There is promise in this judgment! And John is eager for us to receive it: “Prepare the way of the Lord! Make his paths straight!” That’s another interesting word in Greek: euthus, translated “straight,” can mean that something is physically straight, or ethically upright, and it can also convey a sense of immediacy: Make his paths straight and straight away!

John proclaims God’s judgment: “The kingdom of heaven has come near!” There is proximity and urgency to this promise! Christ is coming soon! Get ready! The kingdom of heaven has come and is coming near. The space between God and humanity is getting thinner. And when God becomes flesh and enters into our reality, you can be certain that it will change everything and make all things new.

Heed the baptist’s clarion call – calling us to a new way of life that acts with intention and speaks deliberately…in a spirit of wisdom and understanding, counsel and might, knowledge and fear of the Lord. These are the words spoken over us in our baptism – where we also promise with the entire community of faith to strive for peace and justice in all the earth, a peace and justice breaking in even now.

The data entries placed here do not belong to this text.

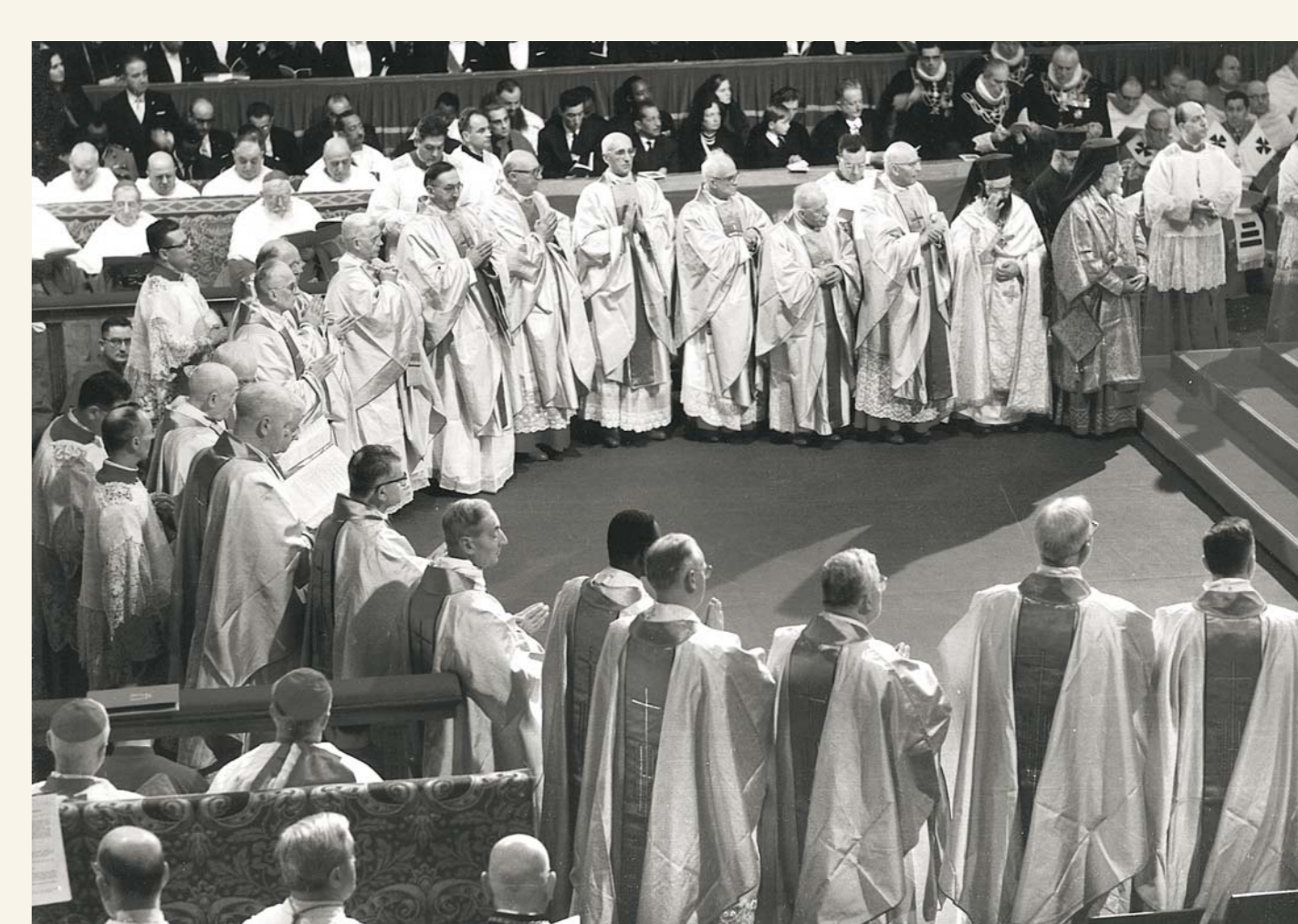
Společně s dalšími 26 novými kardinály převzal insignie své hodnosti také pražský arcibiskup Josef Beran.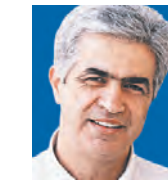
ΤΟΥ ΛΕΥΤΕΡΗ ΚΟΥΣΟΥΛΑΣ

Με πολύ ενδιαφέροντα και πρωτότυπο τρόπο, με μια έρευνα χρήσιμη για την καταγραφή πολιτικών επιλογών και προτιμήσεων, ο Στράτος Φαναράς θέτει στη συζήτηση, ως μέσο-πολιτικό δεδομένο, όπως απρόσφορα εκτιμή ορίστηκε, το ζήτημα «αυτοδυναμία ή κυβερνήσεις συνεργασίας».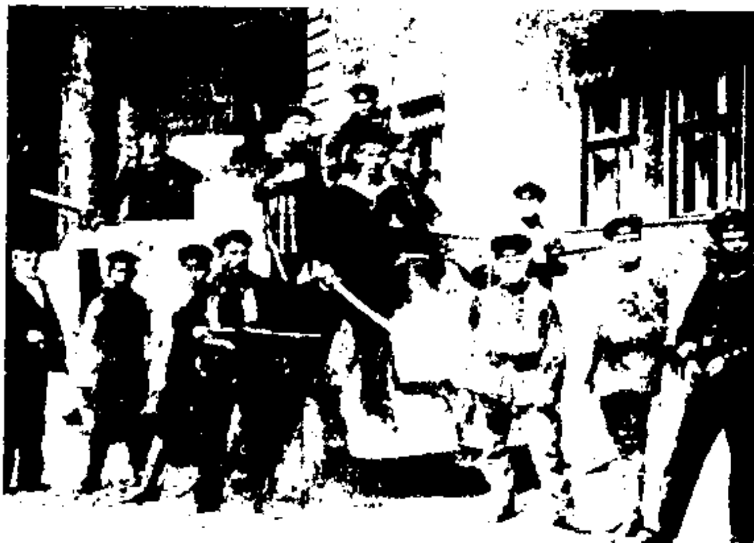
- انقلاب در برلن، نوامبر ۱۹۱۸: گروه اسپارتناتوس - سوسیالیست‌ان بود که اتحادیه‌های کارگری و سربازی قدرت را در دست بگیرند دولت مونت به رهبری فریدریش ایبرت (Friedrich Ebert) خواهان یک دموکراسی پارلمانی است. او در مقابل نیروی دریائی مردمی که در قصر شاه (شاهانه) مستقر شده بود، بقیه ارتش و سربازان داوطلب را گمارده است. (پایین) بعدها اولین طرفداران هیتلر را سربازان داوطلب تشکیل دادند.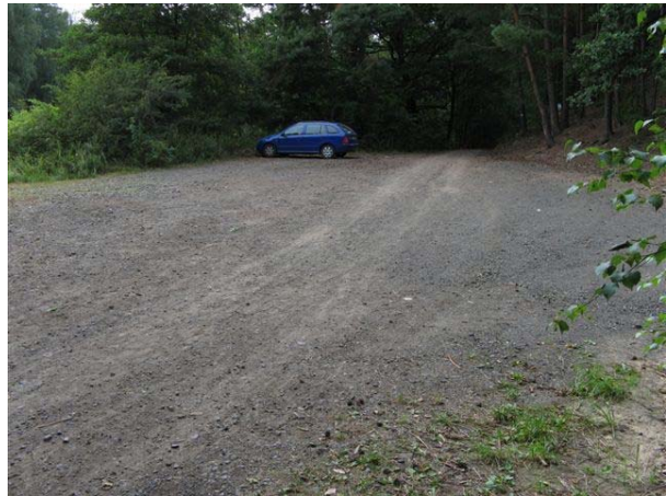
Obr. 2 – parkoviště před závorou

This Sunday, John calls to us: Prepare the way of the Lord! Make his paths straight and straight away! With a sense of urgency, we are called to practice the way of repentance. We are called to clear away everything that gets in the way, everything that hurts and destroys. We are called to practice the way of justice and peace. Because our lives and the wellbeing of the creation depend on it. For indeed, Christ is coming soon!